Tiangong-1, the decommissioned Chinese space station, could make an April Fools' Day re-entry into the Earth's atmosphere, researchers have predicted.
The Chinese space station launched in 2011 but was later decommissioned and deorbited after being replaced by the Tiangong-2, Popular Mechanics reported.
China lost control of the station in 2016, making it impossible to pinpoint the exact date of re-entry or location of landing, but as the falling space station drops lower in its orbit, experts can start to predict this information.
The European Space Agency expects Tiangong-1 to make its descent to Earth sometime between March 30 and April 6 and Aerospace has forecast re-entry on April 1, or within four days of that date, KABC-TV said.
Predicting the landing location is a little trickier to do, according to Aerospace, which noted that Tiangong-1 could re-enter "somewhere between 43° North and 43° South latitudes," but that an accurate location prediction could not be determined "until shortly before the reentry has occurred."
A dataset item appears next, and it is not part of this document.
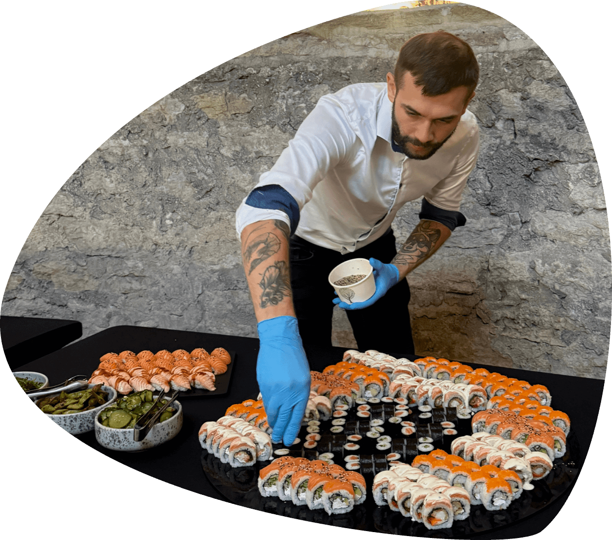 Pakume paindlikke lahendusi – alates värske sushivaliku ja peolaua katmisest kuni täisteenus cateringini. Soovi korral valmistab kokk rulle otse kohapeal, jagades põnevaid lugusid sushimaailmast, ning teenindajad koos baariteenusega hoolitsevad, et kogu üritus kulgeks sujuvalt ja muretult.
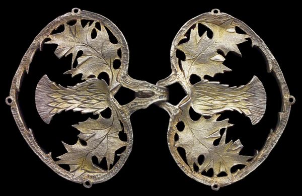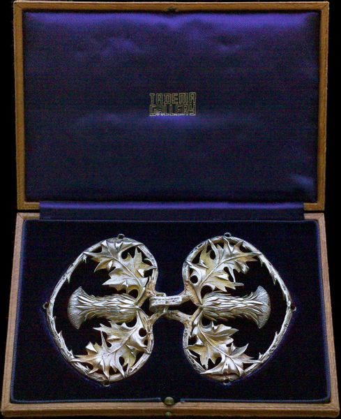This cloak clasp was designed by Ferdinand Erhart, who came from Germany, but was retailed by Maison Vever, Paris, according to the hallmarks. Little is known about his life, yet according to Rolende van Strydonck de Burkel, Le Bijou Art Nouveau en Europe, Paris 1998, p.110, it was Vever who in 1900 had discovered Erhart's talent. A further example of this buckle was also retailed through Cartier Paris, cf. Cartier 1899-1949, Le parcours d'un style, Lisbon, Calouste Gulbenkian Foundation, colour plate 1. In the literature the dates for this buckle design vary from 1895-1908. Erhart is mainly known for his buckles in chased silver with foliage and floral motifs.e

Wu Ping, deputy director of the manned space engineering office, dismissed concerns that the uncontrolled space station crashing down to Earth would pose any serious risks.
"Based on our calculation and analysis, most parts of the space lab will burn up during falling," she said, assuring that aviation activities would not be impacted, nor would there be any damages caused by debris, Xinhua News Agency noted.
Jonathan McDowell, an astrophysicist at the Harvard-Smithsonian Center for Astrophysics, echoed these thoughts.
"The actual danger is small, but it is accepted international best practice nowadays that objects that big shouldn't be able to fall out of the sky in this manner," he said, according to CNN.
There may be no imminent danger surrounding Tiangong-1's re-entry however, Popular Mechanics noted that it could be a spectacle worth seeing when the space station enters Earth's atmosphere.
A spectacular fireball might be seen shooting through the sky as the space station makes its way to the ground.